**SUPPLIED DATA**:
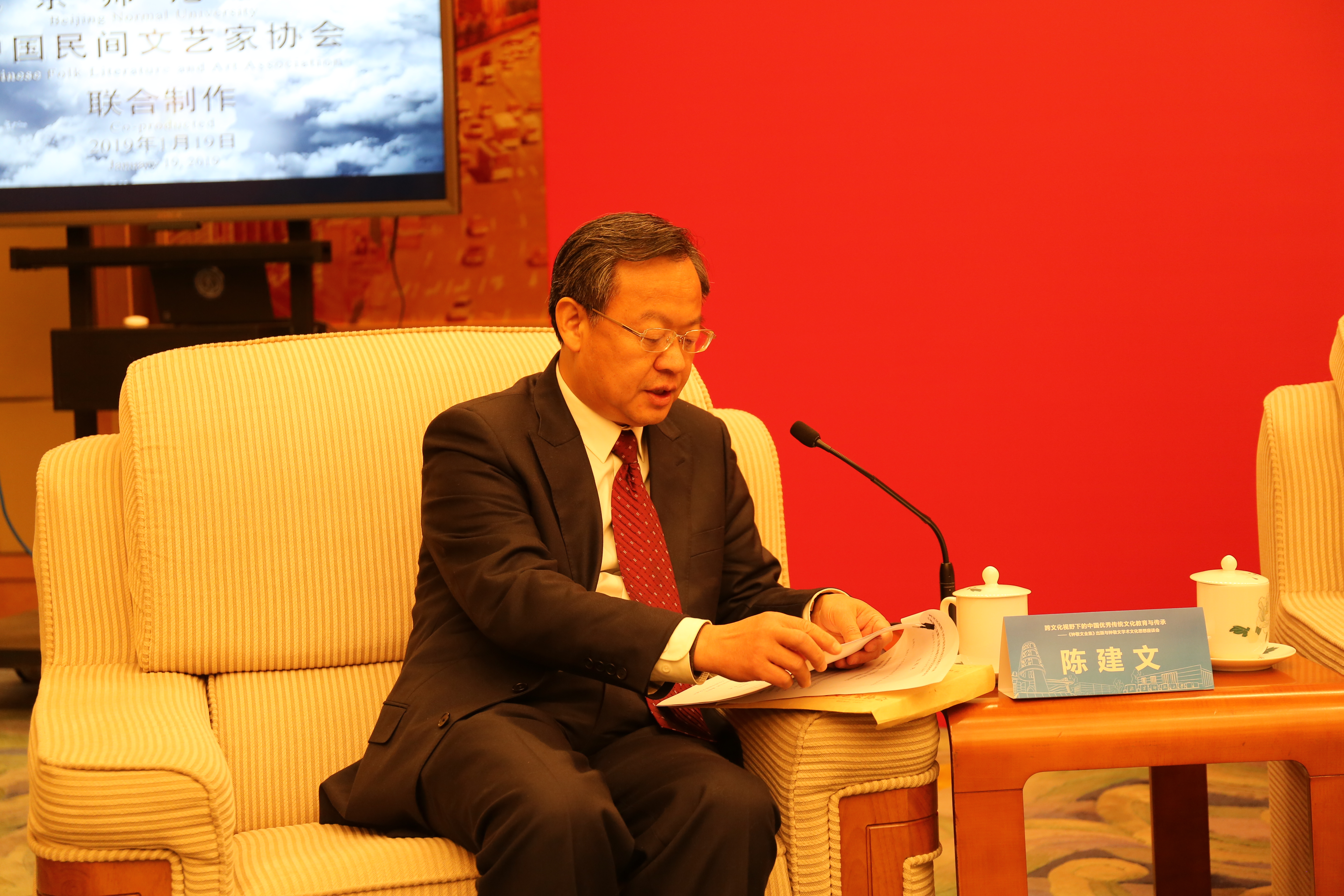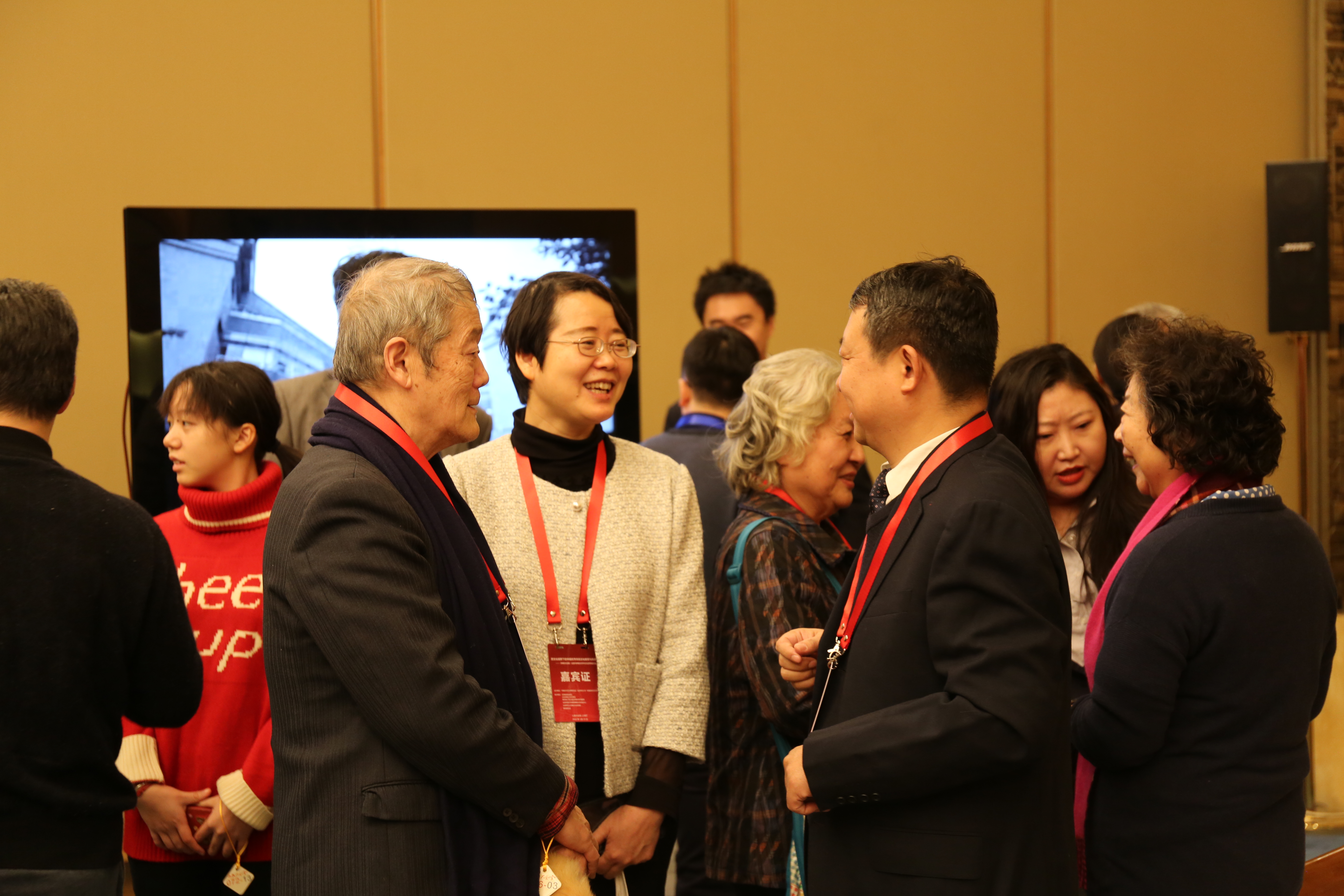 王宁先生(左)在交谈(曹文瀚摄) 高教社领导与《钟敬文全集》部分编委合影(右起:湯悦、乐黛云、苏雨恒、张恩和、王宁)(曹文瀚摄) 钟敬文先生亲属与弟子等合影(曹文瀚摄) 与会部分学者合影(右起:王一川、王宁、董晓萍、杨共乐)(曹文瀚摄) 北师大文学院院长过常宝教授(左)与北京大学艺术学院院长王一川教授(右)交谈(曹文瀚摄) 北师大文学院副院长杨利慧教授(左四)与钟敬文先亲属和学者交谈(曹文瀚摄)
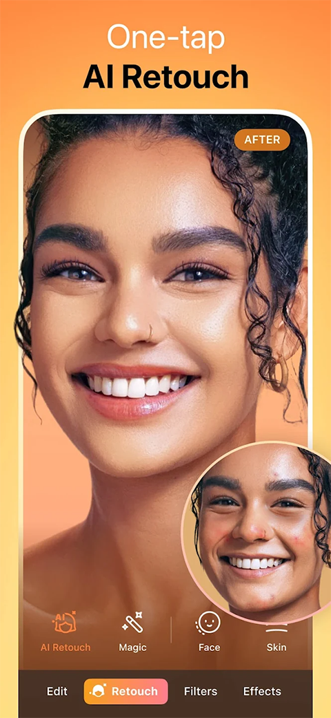 该软件采用专业级图像处理技术,手动修颜修图,磨皮美白,祛斑祛痘白牙大眼,保留高画质,展现最自然的你。除了高清编辑功能外,还包括一些工具,可让您模糊、裁剪、拉伸、瘦身和调整您的照片,以获得艺术、美丽和戏剧性的触感。AirBrush图片编辑软件可以选择自动修饰图片或手动修复图片,即使是最好的照片和自拍照片也能增强完美、美丽的画龙点尾效果。
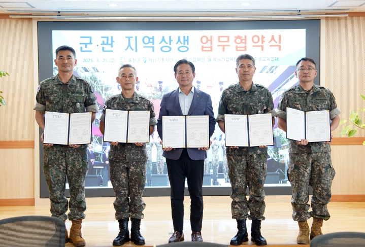 이날 협약식은 신영재 군수와 부대장 간의 인사말을 시작으로 협약 주요 내용 설명, 협약서 서명, 기념 촬영을 진행했으며, 이후 관내 식당에서 오찬 간담회를 통해 상호 소통의 시간을 가졌다.
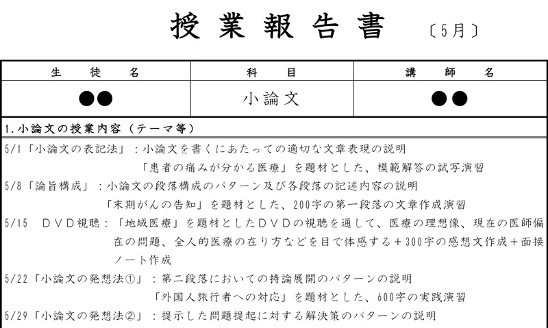 富士学院では毎月様々な題材で小論文指導を行っています。

**PROMPT**: Copy out all of the listing word for word, but skip the images.

**OUTPUT OF THE EXERCISE**:
 王宁先生(左)在交谈(曹文瀚摄) 高教社领导与《钟敬文全集》部分编委合影(右起:湯悦、乐黛云、苏雨恒、张恩和、王宁)(曹文瀚摄) 钟敬文先生亲属与弟子等合影(曹文瀚摄) 与会部分学者合影(右起:王一川、王宁、董晓萍、杨共乐)(曹文瀚摄) 北师大文学院院长过常宝教授(左)与北京大学艺术学院院长王一川教授(右)交谈(曹文瀚摄) 北师大文学院副院长杨利慧教授(左四)与钟敬文先亲属和学者交谈(曹文瀚摄)
 该软件采用专业级图像处理技术,手动修颜修图,磨皮美白,祛斑祛痘白牙大眼,保留高画质,展现最自然的你。除了高清编辑功能外,还包括一些工具,可让您模糊、裁剪、拉伸、瘦身和调整您的照片,以获得艺术、美丽和戏剧性的触感。AirBrush图片编辑软件可以选择自动修饰图片或手动修复图片,即使是最好的照片和自拍照片也能增强完美、美丽的画龙点尾效果。
 이날 협약식은 신영재 군수와 부대장 간의 인사말을 시작으로 협약 주요 내용 설명, 협약서 서명, 기념 촬영을 진행했으며, 이후 관내 식당에서 오찬 간담회를 통해 상호 소통의 시간을 가졌다.
 富士学院では毎月様々な題材で小論文指導を行っています。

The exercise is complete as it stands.